When I first came across the RHEO KNEE XC, Brad instantly came to mind. The additional features it offers (e.g. running, cycling, up-stairs modes) on top of those already offered in the RHEO KNEE seemed like a great option for unlocking some of the potential of such an active prosthetic user. The articulation of the Pro-Flex foot module without the use of any hydraulics or microprocessor technology also took my interest, as restriction in ankle range of motion is a common factor which limits a large proportion of all lower limb amputees. As such I was keen to trial the new knee and foot, as was Brad.

Upon first trialling the knee and foot it didn’t take long for Brad to figure out how to use it properly, particularly with him having worn the second generation RHEO KNEE for the last five years. Walking on level ground felt and appeared much similar to Brad’s second generation RHEO KNEE. The only difference he felt was due to the alternate foot module being used. He reported the impact upon weight acceptance of the sound limb to be lessened. This is consistent with observations made during objective gait analysis of an increase in the amount of dorsiflexion in the prosthetic ankle and a lesser elevation in the body centre of mass during the mid- to terminal-stance phases of the prosthetic limb.

While there was more compliance in the ankle, Brad didn’t report any loss of energy return, but rather that it was quickly given in the pre-swing phase of stance, rather than progressively building up through terminal stance and into pre-swing. Furthermore, he did not feel any difference or loss in shock attenuation despite now not using the Re-Flex Rotate. However, this was only reported after use whilst walking at a self-selected walking speed on level ground. The shock absorption capacity of the foot may ring true when he partakes in activities of a higher impact level.

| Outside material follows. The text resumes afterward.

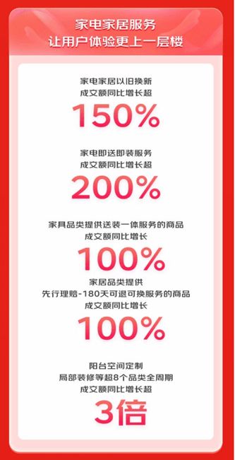 优质服务的加持,为广大品牌、商家注入增长新动能,进一步拉动销售增长。京东618期间,家电家居提供以旧换新服务商品的成交额同比增长超150%,家具品类提供送装一体服务商品的成交额同比提升100%;家居品类先行理赔服务保障超2500万订单,商品成交额同比提升100%;阳台空间定制、局部装修全周期成交额同比增长超3倍;通过京东设计家平台VR样板间功能引入成交额全周期环比增长超5倍。

The greater range of ankle motion became even more apparent when ascending and descending inclines of 15°. Brad was able to achieve foot flat more quickly and maintain a foot flat position for much longer through the stance phase without any unnatural gait deviations. This is of particular importance to me as a clinician as it greatly improves the safety of the prosthesis by maximising traction with the walking surface. Brad’s feedback was also positive, suggesting that ascending inclines was particularly simpler compared to when using the Reflex Rotate.

In descending stairs, Brad reported feeling much safer as the resistance in the knee unit felt more supportive. I, however, noted that the articulation of the Pro-Flex working in tandem with the RHEO KNEE XC was beneficial in allowing him to progressively move his body weight anteriorly and descend to the next step more smoothly than his previous prosthesis.

Ascending stairs was also a positive experience. Within 30 minutes of training and practice, Brad was able to initiate the stair ascent function and climb a flight of 19 stairs. Initially this was quite difficult and requires assistance of a handrail, but with further practice became easier. However, wearing the Pro-Flex foot made initiating the stair ascent function more difficult than when wearing the Pro-Flex XC.

Since this trial, Brad has been definitively fitted with the RHEO KNEE XC and Pro-Flex. Aligning and programming this prosthesis was very quick and straight forward and user friendly, using the PC version. He continues to use the prosthesis for his activities of daily living and hopes to use it when going hiking with his family. He has also begun to use the cycling mode and appears to be managing it quite well.

Overall fitting the RHEO KNEE XC and Pro-Flex foot to Brad was a very positive experience. It has allowed him to tap into some potential that he, as a strong, agile and very active transfemoral amputee, most definitely has had for some time now, such as the possibility to ascend stairs.

I feel the Pro-Flex foot, however, has a broader application in terms of not only also being suitable for transtibial amputees, but also for those of a lower activity level, particularly with regard to ascending and descending inclines. I have since fit two Pro-Flex feet to transtibial amputees of a lower activity level and both are very happy with its function.